About the Ann Street Inn
The Ann Street Experience
Ann Street Inn was featured in one of the Guardian’s travel articles about the North Carolina coast. You can read the article by clicking here
We are conveniently located in the center of downtown Olde Beaufort. The Ann Street Inn is a short, one block walk from Front Street and the Beaufort Inlet waterfront. Filled with whimsical shops, casual water-front cafes, world-class restaurants, and venues that feature live music late into the night, Front Street literally provides “something for everyone”.
Interested in history? Just stroll down Ann Street, past historic homes and beautiful gardens, to visit treasures such as the Old Burying Grounds and the Beaufort Historic Site, with its authentically restored homes dating back to the 18th century, and buildings such as the Old County Jail (c. 1829) or the Apothecary Shop (c. 1859). The North Carolina Maritime Museum is just a few steps further, on Front Street.
When it’s time to come home, you can choose between relaxing in your own antique-filled room or on one of the Inn’s two wide front verandas, open to refreshing breezes and overlooking the leafy green beauty of Ann Street. We use Young Living, Thieves household cleaning products. It’s a green ecologically friendly plant-based cleaner containing thieves and lemon YLTG quality essence oils. Because it is free of harsh chemicals it is safe for use around children and everyone!
We also have an award-winning garden and sitting area out back: a tranquil setting that provides even more peace, quiet, and privacy. You can nap, read, or enjoy a complimentary cocktail or glass of wine as the sun sets.
Come enjoy the ultimate in relaxation and leave your worries behind. Feel the breeze, hear the birds, enjoy the sun and let us show you what Southern Hospitality is all about.
Ann Street Inn History
The Ann Street Inn is housed in a beautiful, historic two story home that was built in 1832 by William Jackson Potter.
The following is a brief summary of the construction and historic ownership of the home, now known as the Ann Street Inn, written by local artist, historian, and author Mary Warshaw. It is printed here with her permission as an excerpt from her book Historic Beaufort North Carolina: A Unique Coastal Village Preserved.
Painting by Mary Warshaw
WILLIAM J. POTTER HOUSE
circa 1832 – plaqued
By Mary Warshaw
In 1827, William Jackson Potter (1801‒1886) came from Anne Arundel, Maryland to work as a brick mason during the building of Fort Macon. In 1828, he married Elizabeth Harris Davis (1810‒1904), daughter of James Davis and Elizabeth Adams.
From 1828 to 1835, William Potter supervised the building of a new jail and the Taylor Masonic Lodge (later the Odd Fellows Lodge); after work at the fort, Potter and others built these by torchlight.
Potter was postmaster from 1840 to 1847, and 1853 to 1862, commissioner from 1847 to 1853, and was involved in forming St. Paul’s Episcopal Church.
William and Elizabeth’s children: Stephen Van Buren Potter (1829‒1850) attended West Point; Mary Elizabeth Davis Potter married Robert Withers Chadwick in 1854; William Wicker Potter died at 15 months; Ann C.D. Potter died at 28 during the 1864 yellow fever epidemic; Sarah Diana Potter married Benjamin J. Bell in 1866; Susan N. Potter married Henry J. Buckman in 1872; Drucilla Davis Potter married Hezekiah Hall Willis in 1882; Lewis Alexander Potter married Ella R. Fish about 1870; James Hollister Potter married Nancy Bell Murray in 1871; and Ella Jane Potter (1851‒1896) never married.

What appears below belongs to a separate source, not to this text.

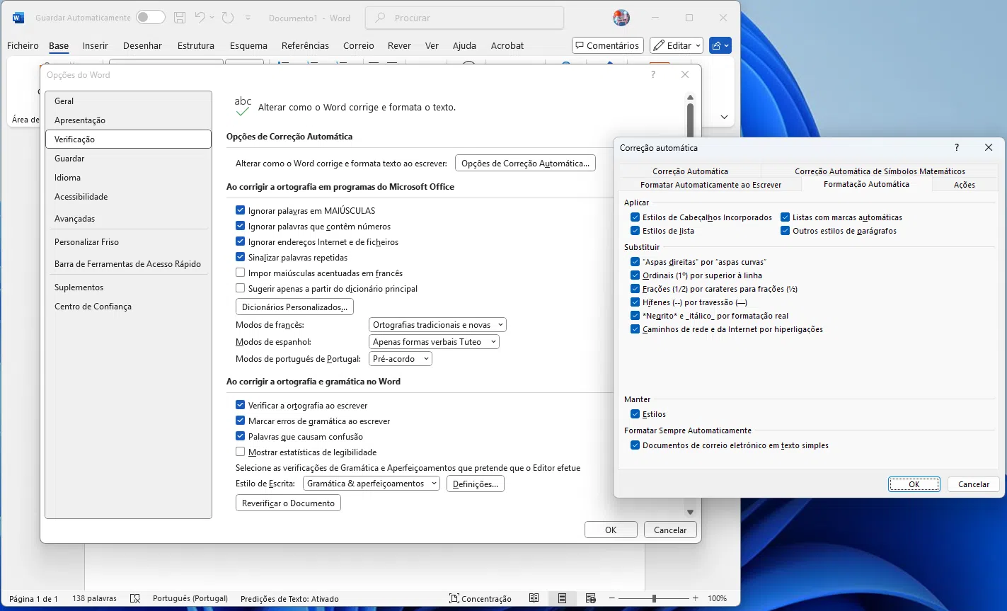 Clique em ‘Ficheiro’ > ‘Opções’ > ‘Verificação’. Em ‘Opções de Correção Automática’, clique no botão com o mesmo nome; na janela, entre no separador ‘Formatação Automática’ [2] e escolha ‘Negrito e itálico com formatação real’. No final, faça ‘OK’. A partir dessa altura, as palavras que escrever com asteriscos em ambos os lados serão automaticamente alteradas para negrito; se for com sublinhados, mudam para itálico.

For 91 years, this was home to James Hollister Potter Sr. (1847‒1938) and Nancy Bell Murray (1846‒1922). A seafood dealer, James was also involved in real estate; he helped finance the Post Office and Custom House on Turner Street, and the Potter Building on Front Street, which burned in 1958.
James and “Nannie” Potter’s children: Thomas R. Potter (1871‒1880); Halbert Lloyd Potter (1872‒1965) married Etta Perry Davis; James Hollister Potter, born 1874, died at 8 months; William Van Buren Potter (1875‒1962) married Zylphia Cox Darden; Guy Dill Potter (1877‒1953) married Martha Thomas; James Hollister Potter Jr. (1879‒1971) married Ada Matilda Rhodes; Louis A. Potter (1880‒1881); twins, Alice Murray Potter and Hettie Dill Potter, born in 1882, lived a short time; Edward Hartman Potter (1883‒1956) married Alma C. Russell; Nannie Murray Potter (1884‒1979) never married; and Jack Potter (1886–1887).
1997 Survey: 2-story, 3-bay, side-gable house has plain siding, boxed eave returns, 2 large interior end stuccoed chimneys, and 6/6 sash. 2-story front gable porch with turned posts, spindle frieze, and turned railing. The present appearance dates from a late-19th century remodeling, which added the porch and possibly reworked the entire exterior.